Users are engaging three times more with video and voice calling on the matrimony platform, while the average duration per-call has increased two-folds as the coronavirus pandemic has forced people to stay indoors and practice social distancing.

Almost half the respondents (44 per cent) agreed that their first ideal video call meeting would be a heart-to-heart conversation about the things that truly matter, while 29 per cent said a “light chat over coffee” is the best for a first virtual date. People also showed preference for watching a movie or a series together, playing online games, and even chilling over dinner and drinks virtually.
“Social-distancing has resulted in numerous consumer behavioral changes, and the process of finding a soulmate is being taken over by virtual meet-ups. The platform has witnessed a 60 per cent hike in the number of voice and video calls in this lockdown period (as compared to the 11-week prior average),” Rohan Mathur, Business Head at, said.
He added that 52 per cent of the survey respondents confirmed that they will continue to meet prospective partners over video calls even in a post coronavirus world, indicating a new-normal for online matrimony portals.
Post lockdown, the total time spent by users on voice and video calls has increased three times.
The survey found video calling with a prospect is more about quality conversations than visual appearances on camera.
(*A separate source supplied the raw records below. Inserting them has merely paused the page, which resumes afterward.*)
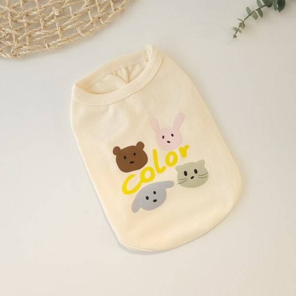 아이보리색 강아지 민소매 티셔츠입니다. 순면으로 부드럽고, 사계절 내내 입히기 좋아요. 등에 동물 친구들 그림이 그려져 있어 귀엽답니다.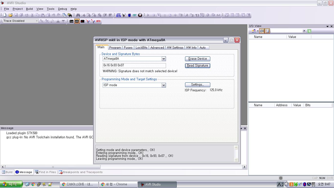 테스트에 사용한 프로그램은 AVR Studio 4이고 프로그래머는 AVRISP mk2입니다.
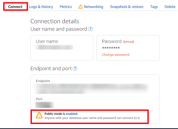 Under Connect section, scroll to Endpoint and port to view the warning that displays the public mode status.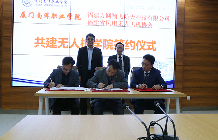 李建军会长向与会人员介绍了国内无人机产业发展情况及无人机在行业应用的背景,高度认可了南洋学院产学研人才培养模式。在双方签署合作协议后,鲁加升董事长宣布无人机学院正式成立,厦门南洋学院与福建省民用无人机协会、福建方圆翔飞航天科技有限公司“校、企、会”合作正式落地。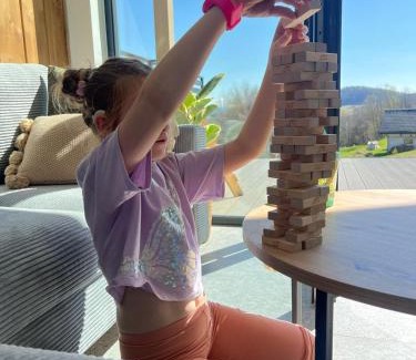 Food & DrinkTea/Coffee maker, Bottle of waterBathroomWalk-in shower, Private bathroom, Hairdryer, Toilet, Body soap, Shampoo, Toilet paper, Bathtub or shower, Shower, Free toiletries, TowelsMedia & TechnologyFlat-screen TV, TVGeneralAir conditioning, Key access, Trash cans, Fire extinguisher, Fan, Hardwood or parquet floors, Heating, Private entrance, Tile/Marble floorKitchenCleaning products, Stovetop, Coffee machine, Kitchenette, Wine glasses, Electric kettle, Dishwasher, Dining table, High chair, Refrigerator, KitchenwareOutdoorsBarbecue, Outdoor furniture, Outdoor dining area, Balcony, TerraceLiving AreaDesk, Dining area, Sofa, Sitting areaViewView, Landmark view, Garden view, Mountain viewBedroomLinens, Wardrobe or closetAccessibilityUpper floors accessible by stairs onlyBuilding CharacteristicsDetachedRoom AmenitiesSofa bed, Drying rack for clothing, Non-feather pillow, Socket near the bed, Clothes rackEntertainment & Family ServicesBoard games/puzzles |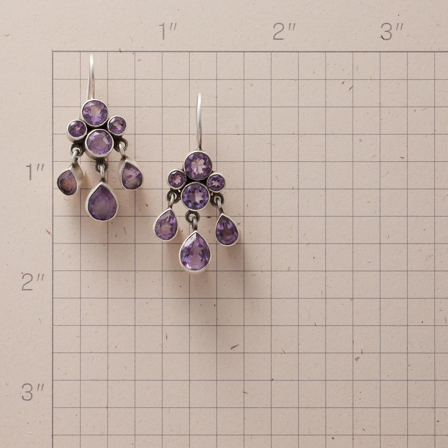 Faceted drops rain from a clutch of circular stones, all window set in matte sterling silver to make the most of amethyst’s regal hue. Designed by Jane Diaz, these dazzlers dangle from self-locking sterling wires. Handmade. 1-1/2″l.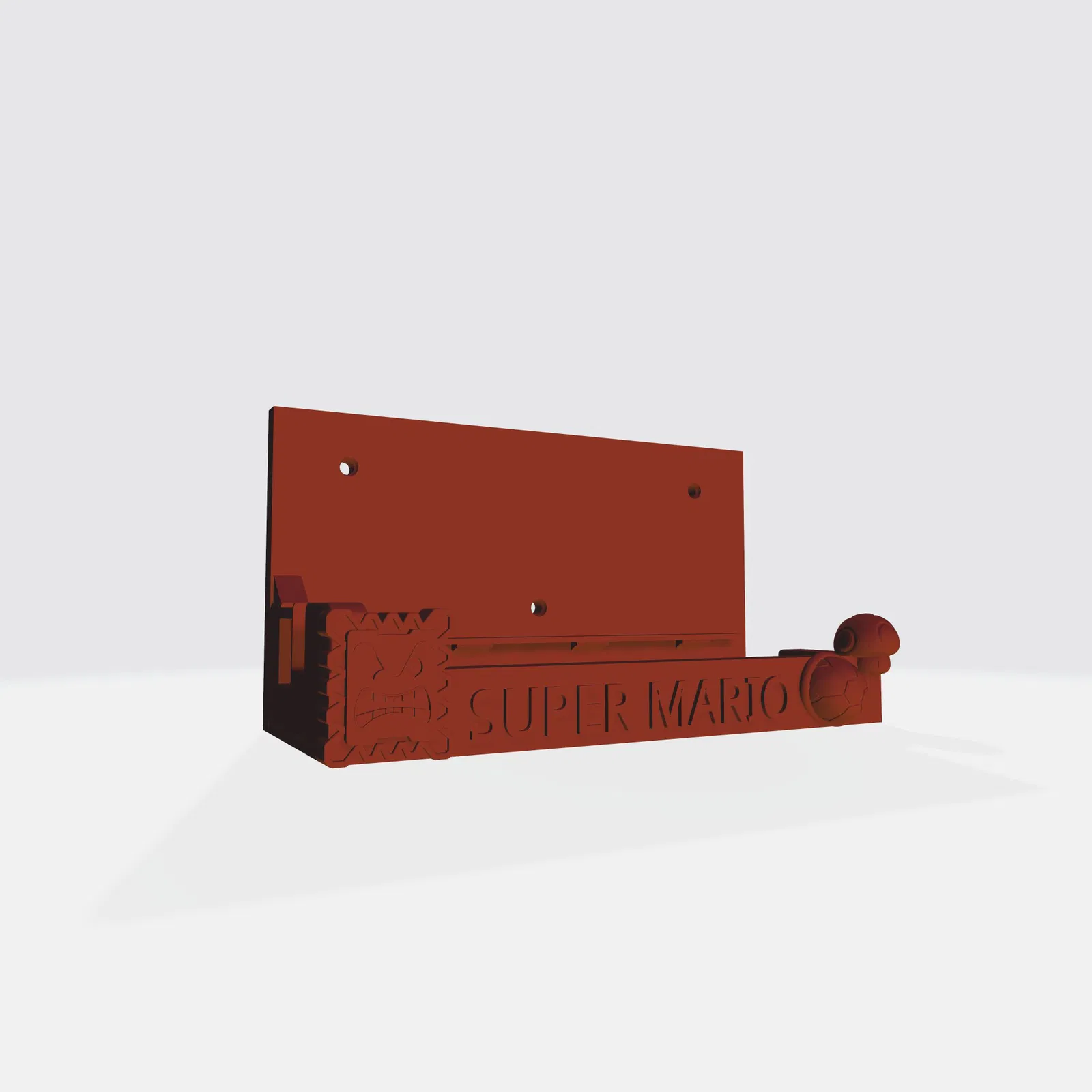 Giá treo tường Switch lấy cảm hứng từ Super Mario do người hâm mộ làm. Dễ dàng in với tối thiểu hoặc không cần hỗ trợ tùy thuộc vào cài đặt, chỉ cần hạ sàn xuống mặt phẳng xây dựng. Dễ dàng lắp đặt với 3 vít khô, không cần tìm thanh đỡ, chỉ cần vặn chặt nhưng không quá chặt để giữ tốt. Tôi đã có những đơn vị tương tự trên tường của mình gần 3 năm nay.

About 33 per cent respondents said they pen down conversational cues as a key preparation, whereas 18 per cent respondents said they make sure they look camera-ready when asked about how they prepare themselves for a video call with their prospective match.

While meeting for the first time with their prospective partner over a video call, 47 per cent respondents said they focus on discussions while 28 per cent said they notice the aesthetics – how the prospect carries himself/herself and how they look and speak.
The survey found half the respondents saying they would like to upload a video on their profiles to bring out their personalities.